Working with or for children, we should be mindful of Wendy’s caution about the deficit model. The disability rights movement has progressed hugely since it found a framework and a model for debate that clarified the meaning of the language of disability in terms that are more empowering. The social model of disability is a powerful concept that has relevance beyond how we see and respond to disabled people. I think Wendy makes the point well that children too can be – often are – disempowered by being framed as deficient in the language that we use even as we seek to liberate and empower them. Her support for a ‘free-range childhood’ campaign is consistent with her long-held advocacy for a social model of childhood which places play at the heart of a re-evaluation of our concept of children’s rights and children’s agency. It is important work and has much to offer this movement.

However, we live in a world were policy is made most often, not according to a vision for an empowered populace, but in reaction to the problems which are receiving the most headlines – or producing the most dead canaries. The childhood obesity epidemic, for example, is a symptom, surely, of a wide range of restrictions, constraints and infringements of children’s rights. A Skylark approach to policy for children’s health would simply envisage environments that science (and common sense) tells us provide optimum opportunity for healthful activity and wholesome diets (which we have already agreed under the UN Convention on the Rights of the Child) and set about providing them as widely as possible. An indicator of how well we were doing? Well, counting pink bicycles wouldn’t  be far off the mark. Instead, we have waited until you couldn’t move for dead canaries. Except of course that in this case, the ‘canaries’ are not expendable. Obese children are not just a proxy indicator.
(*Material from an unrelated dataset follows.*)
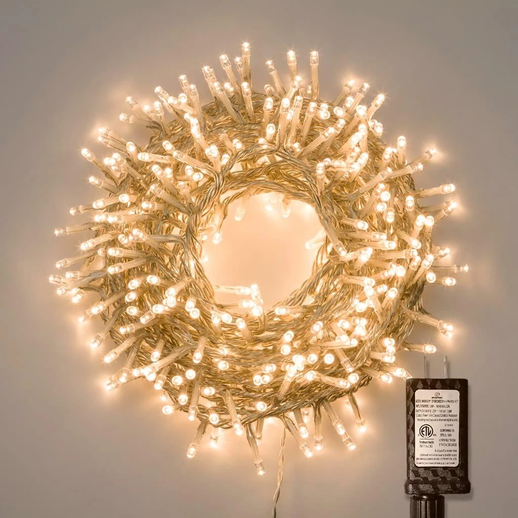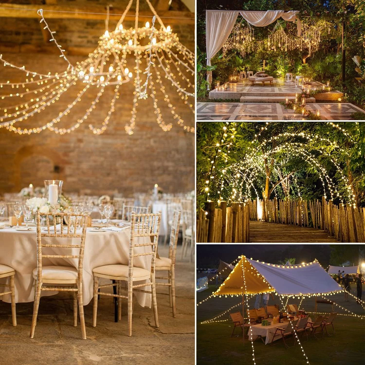 - *Connectable 100 LED Transparent Wire Lights Specification – 100 super bright LED lights, with 32.8ft/10m length of light add 32.8ft/10m power cord, the total length of the fairy light is 65.6ft/20m. perfectly decorative outdoor and indoor, such as fence, patio, garden, gazebo, house, bedroom, stairs, Christmas tree, Halloween and any holiday decoration. The lights can be connect together up 2-4 light chains.

Given the reactive nature of policy-making (which, after all, must reflect the culture within which it happens), perhaps then we do need our own negative rallying cries. People rally to causes when they can identify a problem that needs addressing. Amplifying a message to reach the widest audience has risks. The media can be voracious and unscrupulous, with truth and accuracy often seeming to be less important than sensation and impact. But this is the campaigning game. The trick is to use the media to convey the more nuanced messages once we have the opportunity. But we do have to attract its attention first.

Nature Deficit Disorder, for all its limitations, has encapsulated a particular set of problems that people can identify with and recognise. It may oversimplify some complex issues but “children aren’t getting outside enough and it’s bad for them” is not the worst kind of dead canary that we could use. And to have the opportunity to fully make the policy case, we also need to encapsulate the solution – without compromising our vision for it – in a way that is equally suited to the sound-biting, twittering age we live in.

Here, Free-Range Childhoods, I think, makes for a rather good skylark.